В это время во двор въехала бесшумно красная машина, за рулем которой сидела яркая, скорее, крашенная блондинка, и, как-то странно резко притормозив напротив ее подъезда, проехала дальше и остановилась между двумя домами на выезде из двора. В ее окне колыхнулась при этом штора, мелькнуло чье-то лицо. Через пару минут из подъезда вышел мужчина и, оглянувшись по сторонам, направился к машине, сел на переднее сидение, и та быстро, но так же бесшумно отъехала, оставив во дворе лишь сизое облачко выхлопных газов... По иному расценить ситуацию было просто невозможно. Но он не осуждал его, может, даже был признателен за такую случайную честность.

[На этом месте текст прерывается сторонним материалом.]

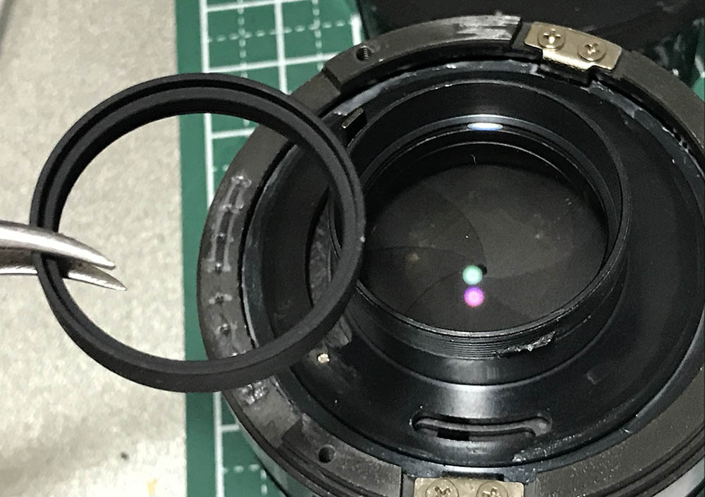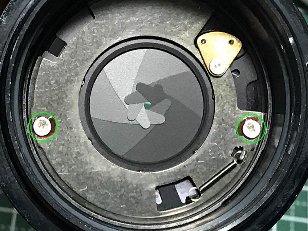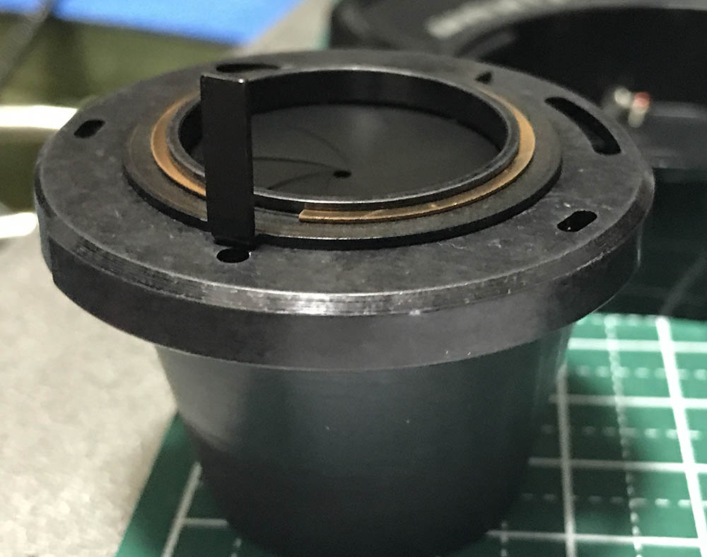 Before you remove the iris mechanism, make small marks so you will know how to align it back again later. It’s adjusted accurately at the factory, if you get this wrong then you won’t get accurate exposures at all.

- Но ведь и она, скорее всего, это знает, почему и хотела бы сбежать куда-нибудь? - подумал Андрей с какой-то болью, растерянностью. - Но что это меняет? В моем положении что меняет?... Сознательно выбрать роль третьего, даже четвертого, поскольку главный персонаж здесь - ее дочь, Надежда? И потом изображать восхищение своей жертвенностью, самоотверженностью? А, может, все же подлостью? Очередной подлостью, которую и она тебе простит, как все прощали, а ты даже не понял этого, чуть ли не обижался, считая даже изменой... Почему прощали? Не потому ли, что ты оставлял просто им право выбора, не смог их лишить этого, хотя они и ждали? Ты оставлял им свободу, выбор, а это все-таки главное для человека, почему остальное можно и простить. Ты же не навязывал им дурной выбор? Нет. Ты не предлагал никакого, а это вроде и не грех, и не зло, и даже не ложь. Но не они, а ты ведь возненавидел свою собственную жизнь и именно за это! За то, что ни разу не сделав выбор, ты и не имел своего собственного результата, тебе приходилось довольствоваться чужим, который невозможно полюбить, остается только ненавидеть, с каждым разом все сильнее и сильнее, даже не понимая, а что ты ненавидишь! Ведь столько натворив всего походя, считая себя даже творцом, самой-то жизни ты так и не создал, путешествуя по ней, как те зарубежные туристы, которыми ты не зря так и восхищался. А почему бы и нет? Тут и не надо выбирать, тебе всегда готов номер, каюта, обед, виды. Выбираешь только, что купить на память и у кого: у той блондинки или у этой яркой брюнетки, но такой же точно сувенирчик?... А сейчас перед тобой вдруг встал этот выбор, где почти все ясно, даже известны все последствия от одного из сделанных уже тобой решений, а ты опять его испугался, боишься сорвать яблочко познания добра и зла, отдавая инициативу опять ей... А она ведь тебе ясно показала, что не дочь ее должна делать этот выбор, она отвергла его, вновь вернув тем мальчишкам, в том числе, и мне. Ведь не женщина должна его делать, срывать то яблочко, потом и страдая за это. Выбор должен делать мужчина, который до сих пор не понял смысла той притчи, найдя в нем лишь удобную возможность свалить вину на другого, на другую за последствия своей пассивности...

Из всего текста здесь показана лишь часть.